30-year T-Bill is currently yielding 4.49% so he's not THAT far off...and that's the MOST conservative investment you can get IMO...you can certainly stay conservative and increase your yield.


----------



## wof45 (Jan 7, 2011)

ocdb8r said:


> 30-year T-Bill is currently yielding 4.49% so he's not THAT far off...and that's the MOST conservative investment you can get IMO...you can certainly stay conservative and increase your yield.



you actually can't invest in a 30-year t-bill without a million dollar investment.
in the real world, rates are much lower.


----------



## wof45 (Jan 7, 2011)

I think it would surprise most people what the US t-bill rates actually are --

4 week t-bill is 0.10%
13 weeks - 0.15%
26 weeks - 0.19%
52 weeks - 0.27%

the Money Market treasuries funds overnight are 0-0.14


----------



## gabrielij (Jan 7, 2011)

ocdb8r said:


> In my experience, this is NOT correct.  I reserved a unit at my home resort, locked=it off, and deposited into II without paying any fee.  I have now requested exchanges for both halves of my unit and no fee was charged as long as my request only include Marriott resorts.
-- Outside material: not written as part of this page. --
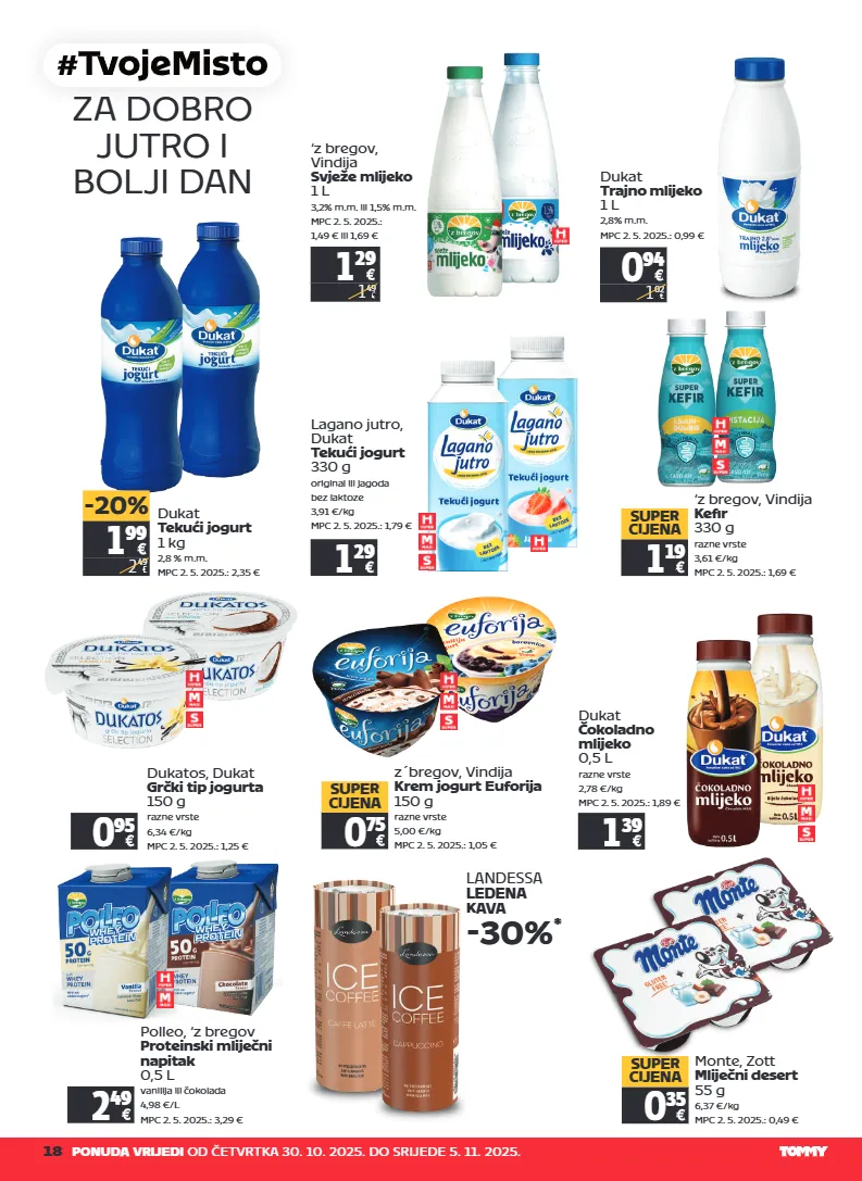 18 ponuda vrijedi od četvrtka 30. 10. 2025. do srijede 5. 11. 2025. za dobro jutro i bolji dan 0 94 1 02 dukat trajno mlijeko 1 l 2,8% m.m. mpc 2. 5. 2025.: 0,99 € ‘z bregov, vindija kefir 330 g razne vrste 3,61 €/kg mpc 2. 5. 2025.: 1,69 € 1 19 super cijena lagano jutro, dukat tekući jogurt 330 g original ili jagoda bez laktoze 3,91 €/kg mpc 2. 5. 2025.: 1,79 € 1 29 dukat tekući jogurt 1 kg 2,8 % m.m. mpc 2. 5. 2025.: 2,35 € 0 95 dukatos, dukat grčki tip jogurta 150 g razne vrste 6,34 €/kg mpc 2. 5. 2025.: 1,25 € 0 75 super cijena z´bregov, vindija krem jogurt euforija 150 g razne vrste 5,00 €/kg mpc 2. 5. 2025.: 1,05 € dukat čokoladno mlijeko 0,5 l razne vrste 2,78 €/kg mpc 2. 5. 2025.: 1,89 € 1 39 polleo, ‘z bregov proteinski mliječni napitak 0,5 l vanilija ili čokolada 4,98 €/l mpc 2. 5. 2025.: 3,29 € 2 49 landessa ledena kava -30% * monte, zott mliječni desert 55 g 6,37 €/kg mpc 2. 5. 2025.: 0,49 € 0 35 super cijena 1 29 1 49 ‘z bregov, vindija svježe mlijeko 1 l 3,2% m.m. ili 1,5% m.m. mpc 2. 5. 2025.: 1,49 € ili 1,69 € 1 99 2 49 -20%
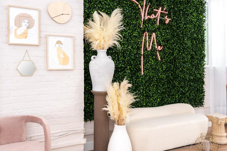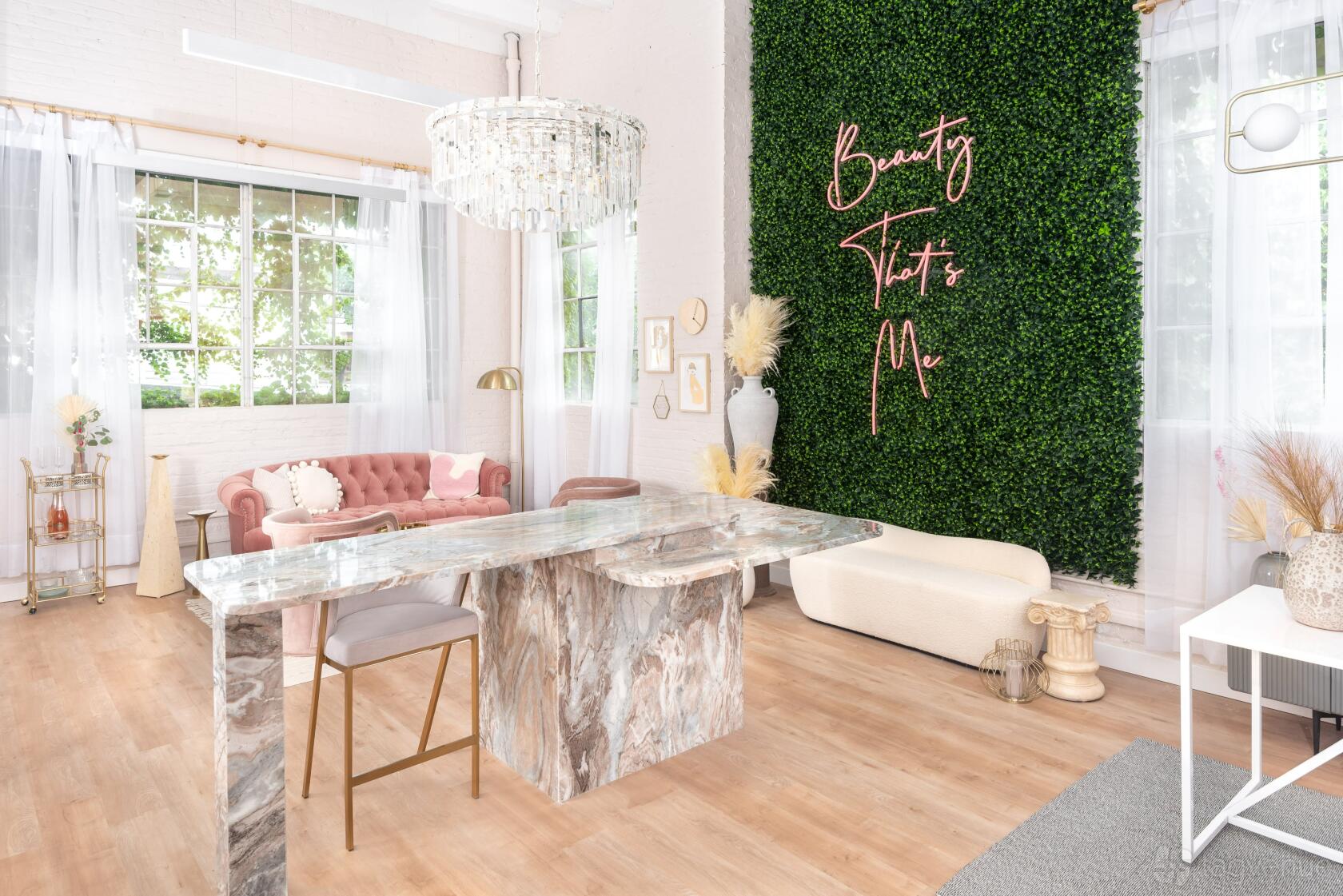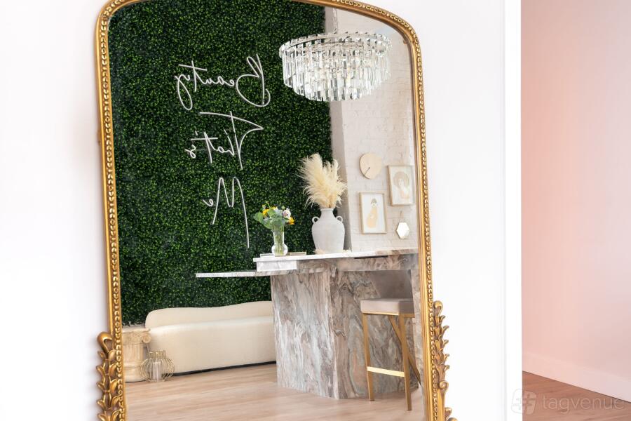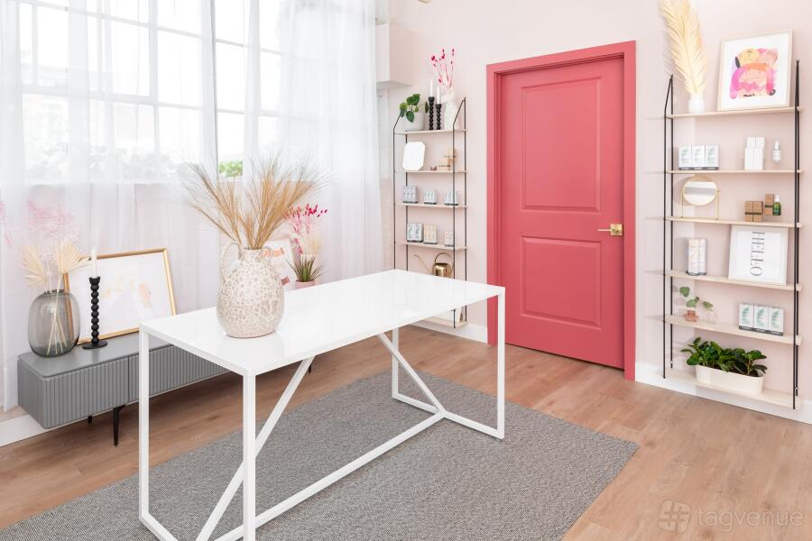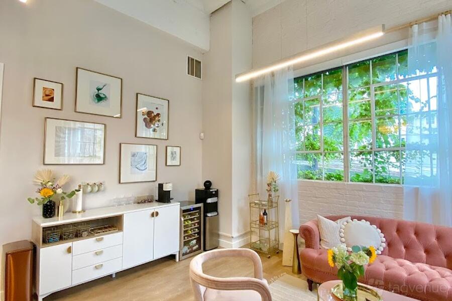 The soft pink accents, luxurious seating, and curated art installations offer a stunning backdrop, complemented by floor-to-ceiling windows that flood the space with natural light. Ideal for creatives and professionals seeking a versatile, refined environment for a variety of purposes.

did you get a match? If yes, was it a like-kind exchange or were you able to trade up as we all used to do in the past?


----------



## davidn247 (Jan 7, 2011)

The discussion regarding the cost of purchasing ($10 per point) and maintenance (40 cents per point/year) is very interesting. I do not know how they came with this, but it seems not very economical.

In general, resale owners bought approx. 2 to 3 times lower than official price and could be now experiencing maintenance costs converted to points similar or lower than 40 cents (3BR Grande Vista = 0.335 cents, 3'725 points divided per $1'250 maintenance incl. all others).

If you are looking for MCV points, look on Ebay. Some owners are selling their (maintenance) points at 0.55 cents per points. This seems to be a better deal.

Frankly, I do not see the value of further buying points from them. When you think about it, what are you really buying? Can someone tell me? A currency that you do not control and can be devaluated at their discretion? Maybe I missed something, but it seems Marriott became like the Fed... Not sure how all this is regulated (how does the Trust work) but their can decide overtime to request more yearly points to book days/weeks at key resorts.


----------



## wof45 (Jan 7, 2011)

I don't know all the details, but basically, the trust is a real estate trust set up in Florida.  points come in 250 point batches.  The total of the value of all point batches is the value of the weeks that marriott put in.  The total points that can be taken out of inventory is the same total, so they have point values for day reservations that total over all weeks in the trust.   So, if the point cost for one reservation goes up, the point value for another reservation must go down.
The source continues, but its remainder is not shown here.